Nothing
R/communityEcology.R
In paleotree: Paleontological and Phylogenetic Analyses of Evolution
Defines functions
HurlbertPIE
pairwiseSpearmanRho
Documented in
HurlbertPIE
pairwiseSpearmanRho
#' Miscellaneous Functions for Community Ecology
#'
#' This is just a small collection of miscellaneous functions
#' that may be useful, primarily for community ecology analyses,
#' particularly for paleoecological data. They are here mainly for
#' pedagogical reasons (i.e. for students) as they don't appear
#' to be available in other ecology-focused packages.
#' @param x The community abundance matrix. Taxonomic units are assumed to be
#' the columns and sites (samples) are assumed to be the rows, for both
#' functions. The abundances can be absolute counts of specimens for particular
#' taxa in each sample, or it can be proportional (relative) abundances, where
#' all taxon abundances at a site are divided by the total number of specimens
#' collected at that site. For function \code{pairwiseSpearmanRho}, the input
#' \code{x} should be a matrix with two dimensions. For \code{HurlbertPIE}, a
#' vector (an object with only one dimension) will be treated as if it was
#' matrix with a single row and number of columns equal to its length.
#' @param dropAbsent Should absent taxa be dropped? Must be one of either:
#' \code{dropAbsent = 'bothAbsent'} (drop taxa absent in both sites for a given pairwise comparison),
#' \code{dropAbsent = 'eitherAbsent'} (drop taxa absent in either site), or
#' \code{dropAbsent = 'noDrop'} (drop none of the taxa absent in either site).
#' The default \code{dropAbsent = 'bothAbsent'} is recommended; see examples.

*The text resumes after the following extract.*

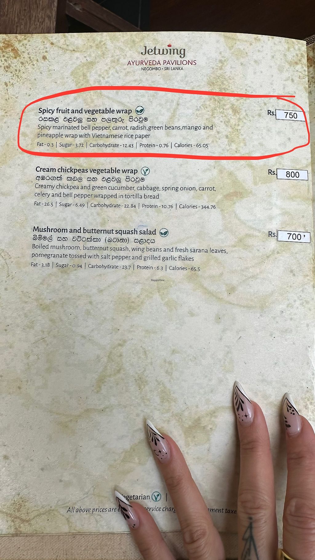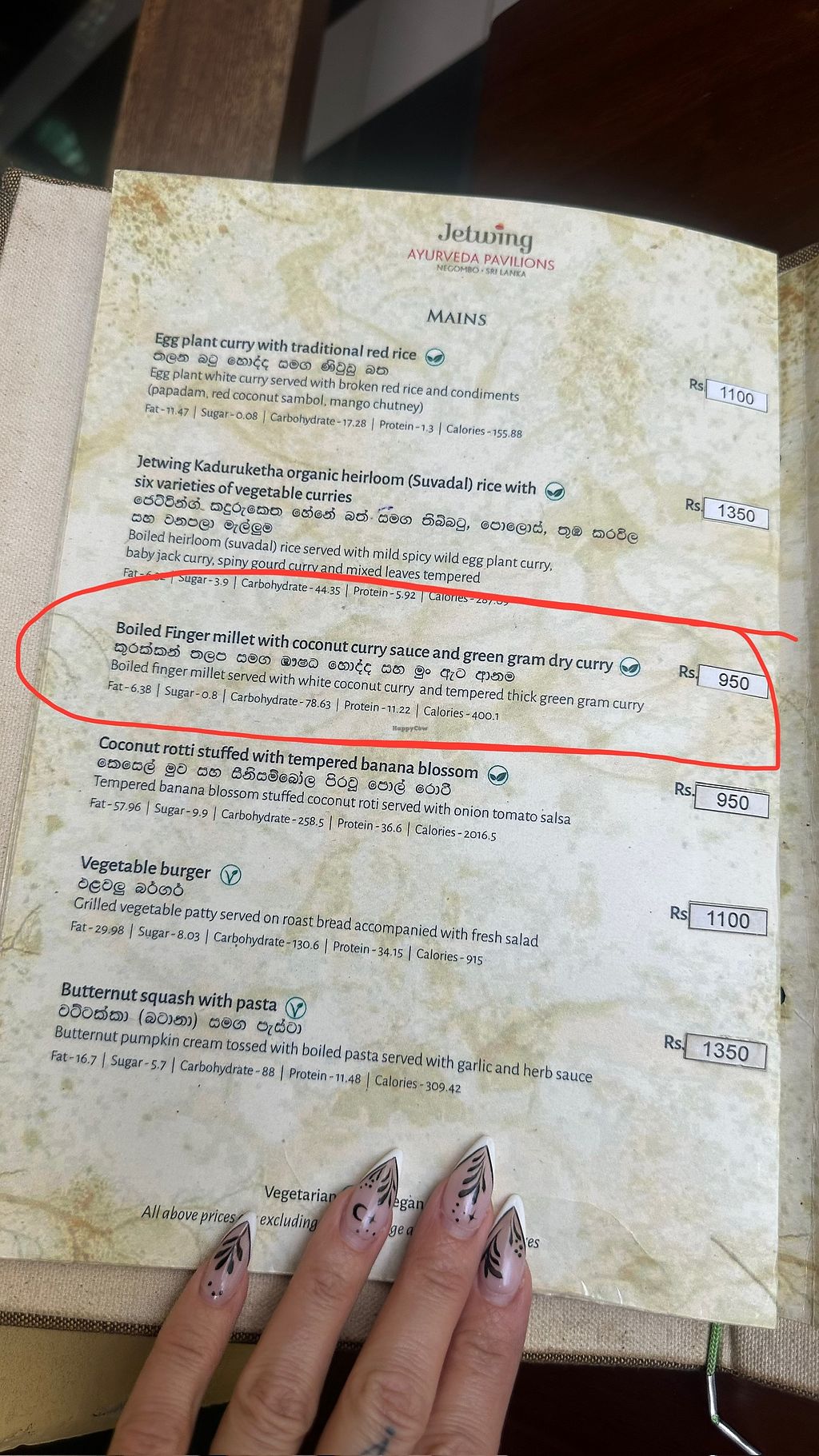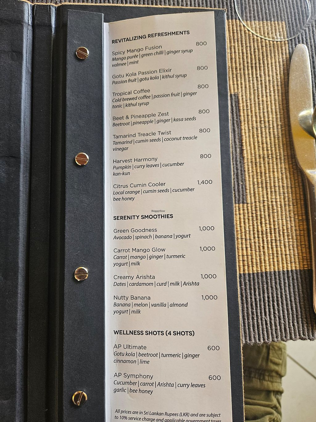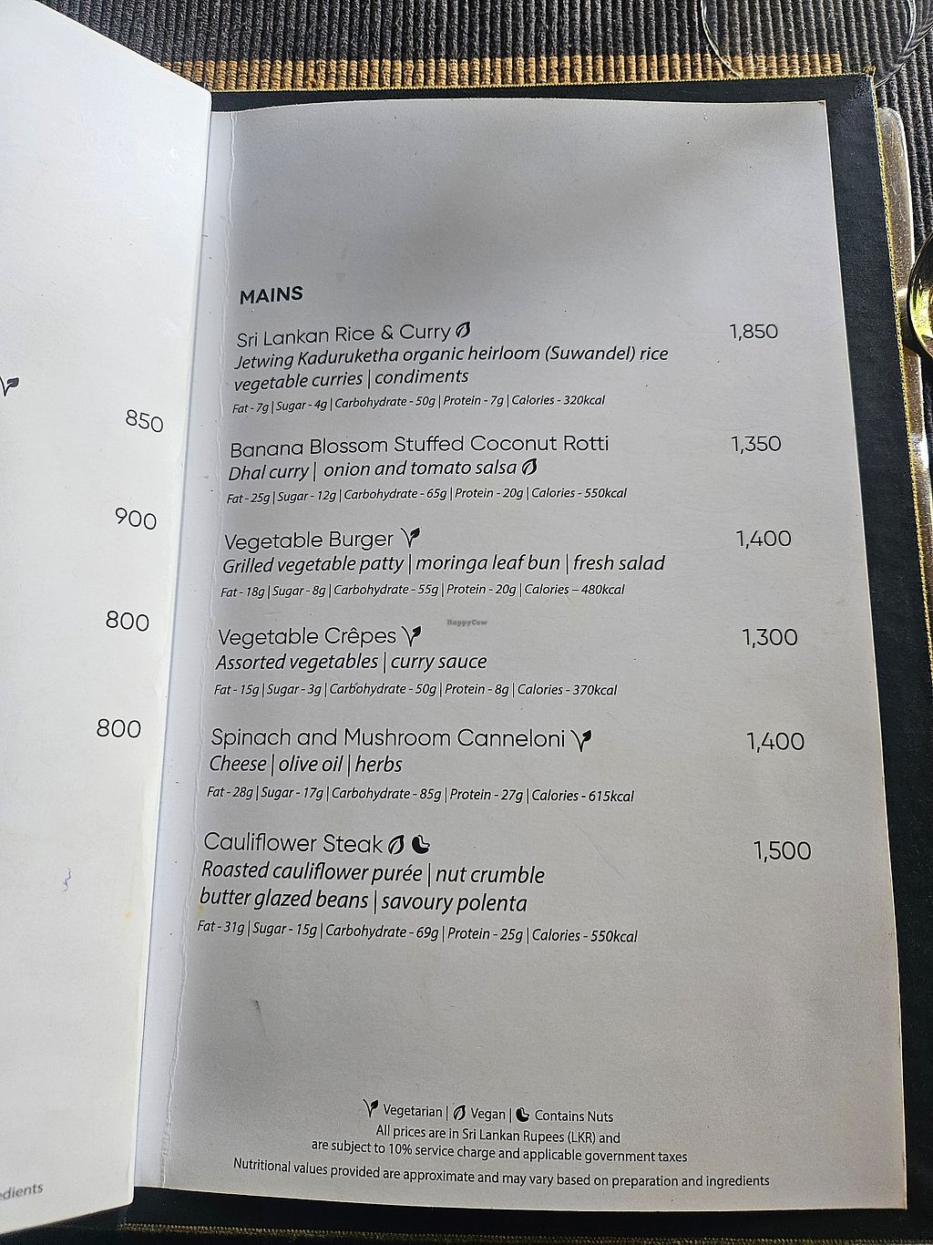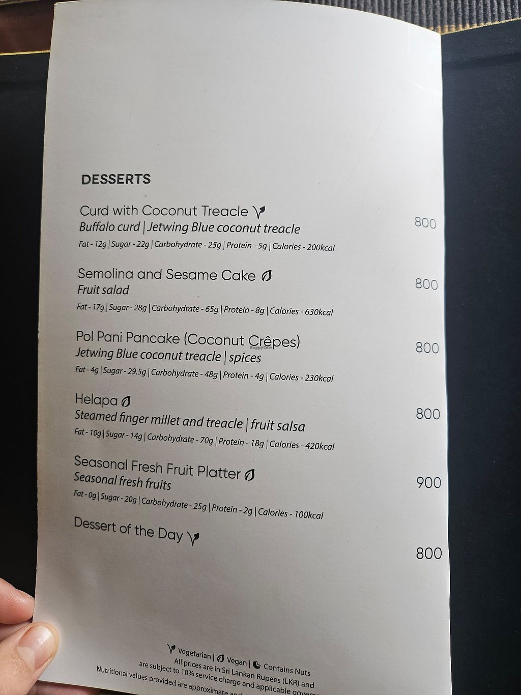 I had the iced tea and the rice with six curries. Location is beautiful und staff is great. Prices are quite high for Sri Lanka a service charge of 30% will be added. In total I paid around 2400 Rupees 200 tip (on top of service charge)

#' @param asDistance Should the rho coefficients be rescaled on a scale similar to
#' dissimilarity metrics, i.e. bounded 0 to 1, with 1 representing maximum dissimilarity (i.e.
#' a Spearman rho correlation of -1)? (Note that dissimilarity = (1 - rho) / 2 )
#' @param diag Should the diagonal of the output distance matrix be included?
#' @param upper Should the upper triangle of the output distance matrix be included?
#' @param na.rm Should taxa listed with \code{NA} values be dropped from a pair-wise site comparison?
#' If \code{na.rm = FALSE}, the returned value for that site pair will be NA if NAs are present.
#' @param nAnalyze Allows users to select that PIE be calculated only on the \code{nAnalyze}
#' most-abundant taxa in a site sample. \code{nAnalyze} must be a vector of \code{length = 1},
#' consisting of a whole-number value greater than 1. By default, \code{nAnalyze = Inf} so all taxa are
#' accepted. Note that if there are less taxa in a sample than \code{nAnalyze}, the number present will
#' be used.
#' @details
#' \code{pairwiseSpearmanRho} returns Spearman rho correlation coefficients
#' based on the rank abundances of taxa (columns) within sites (rows) from
#' the input matrix, by internally wrapping the function \code{cor.test}.
#' It allows for various options that automatically allow
#' for dropping taxa not shared between two sites (the default), as well as
#' several other options. This allows the rho coefficient to behave like the
#' Bray-Curtis distance, in that it is not affected by the number of taxa absent
#' in both sites.
#'
#' \code{pairwiseSpearmanRho} can also rescale the rho coefficients with (1-rho)/2
#' to provide a measure similar to a dissimilarity metric, bounded between 0 and 1.
#' This function was written so several arguments would be in a similar format to
#' the \code{vegan} library function \code{vegdist}. If used to obtain rho
#' rescaled as a dissimilarity, the default output will be the lower triangle of
#' a distance matrix object, just as is returned by default by \code{vegdist}.
#' This behavior can be modified via the arguments for including the diagonal
#' and upper triangle of the matrix. Otherwise, a full matrix is returned (by default)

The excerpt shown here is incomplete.